▶ _Records shown_:
==========
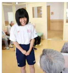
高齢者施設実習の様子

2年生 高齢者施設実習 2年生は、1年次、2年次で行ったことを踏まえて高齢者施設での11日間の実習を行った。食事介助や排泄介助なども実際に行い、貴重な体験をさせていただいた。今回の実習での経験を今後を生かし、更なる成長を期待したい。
==========
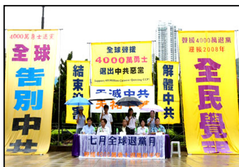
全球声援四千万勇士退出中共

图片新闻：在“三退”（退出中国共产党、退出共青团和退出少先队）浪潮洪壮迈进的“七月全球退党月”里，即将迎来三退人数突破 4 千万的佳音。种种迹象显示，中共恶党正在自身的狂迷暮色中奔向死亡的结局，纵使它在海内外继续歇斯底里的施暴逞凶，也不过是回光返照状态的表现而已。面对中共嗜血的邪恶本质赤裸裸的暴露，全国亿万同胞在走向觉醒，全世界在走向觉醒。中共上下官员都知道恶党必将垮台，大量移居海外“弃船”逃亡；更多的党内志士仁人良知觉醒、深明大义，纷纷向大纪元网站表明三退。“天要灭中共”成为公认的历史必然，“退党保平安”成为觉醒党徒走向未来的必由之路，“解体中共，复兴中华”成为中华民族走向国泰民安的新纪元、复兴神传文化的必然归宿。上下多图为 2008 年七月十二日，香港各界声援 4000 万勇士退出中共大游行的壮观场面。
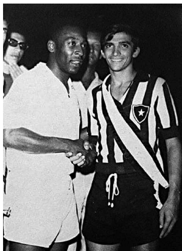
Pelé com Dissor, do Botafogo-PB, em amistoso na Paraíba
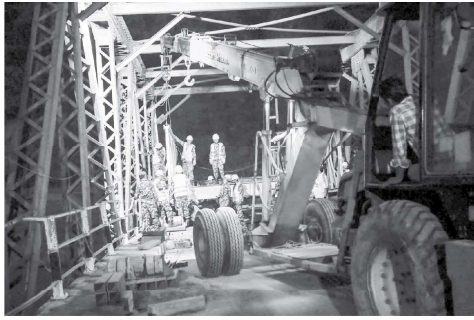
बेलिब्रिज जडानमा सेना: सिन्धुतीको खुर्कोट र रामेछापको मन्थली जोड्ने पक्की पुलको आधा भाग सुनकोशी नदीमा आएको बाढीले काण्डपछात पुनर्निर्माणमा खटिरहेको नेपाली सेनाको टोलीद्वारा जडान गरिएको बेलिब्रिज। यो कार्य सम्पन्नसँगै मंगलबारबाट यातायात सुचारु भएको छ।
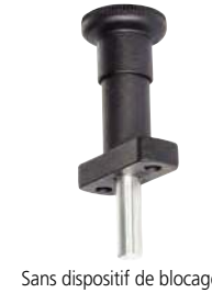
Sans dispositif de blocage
==========
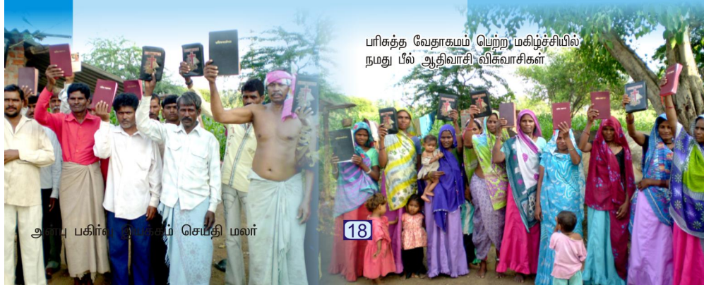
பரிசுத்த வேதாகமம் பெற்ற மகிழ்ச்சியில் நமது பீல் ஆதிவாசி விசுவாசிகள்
==========
▶ _Exercise description_: What should come back is an exact copy of the lines above from the line with "年七月十二日，香港各界声援 4000 万勇士退出中共大游行的壮观场面。" to the line with "Sans dispositif de blocage", both included, minus the pictures.

▶ _Exercise result_:
图片新闻：在“三退”（退出中国共产党、退出共青团和退出少先队）浪潮洪壮迈进的“七月全球退党月”里，即将迎来三退人数突破 4 千万的佳音。种种迹象显示，中共恶党正在自身的狂迷暮色中奔向死亡的结局，纵使它在海内外继续歇斯底里的施暴逞凶，也不过是回光返照状态的表现而已。面对中共嗜血的邪恶本质赤裸裸的暴露，全国亿万同胞在走向觉醒，全世界在走向觉醒。中共上下官员都知道恶党必将垮台，大量移居海外“弃船”逃亡；更多的党内志士仁人良知觉醒、深明大义，纷纷向大纪元网站表明三退。“天要灭中共”成为公认的历史必然，“退党保平安”成为觉醒党徒走向未来的必由之路，“解体中共，复兴中华”成为中华民族走向国泰民安的新纪元、复兴神传文化的必然归宿。上下多图为 2008 年七月十二日，香港各界声援 4000 万勇士退出中共大游行的壮观场面。
Pelé com Dissor, do Botafogo-PB, em amistoso na Paraíba
बेलिब्रिज जडानमा सेना: सिन्धुतीको खुर्कोट र रामेछापको मन्थली जोड्ने पक्की पुलको आधा भाग सुनकोशी नदीमा आएको बाढीले काण्डपछात पुनर्निर्माणमा खटिरहेको नेपाली सेनाको टोलीद्वारा जडान गरिएको बेलिब्रिज। यो कार्य सम्पन्नसँगै मंगलबारबाट यातायात सुचारु भएको छ।
Sans dispositif de blocage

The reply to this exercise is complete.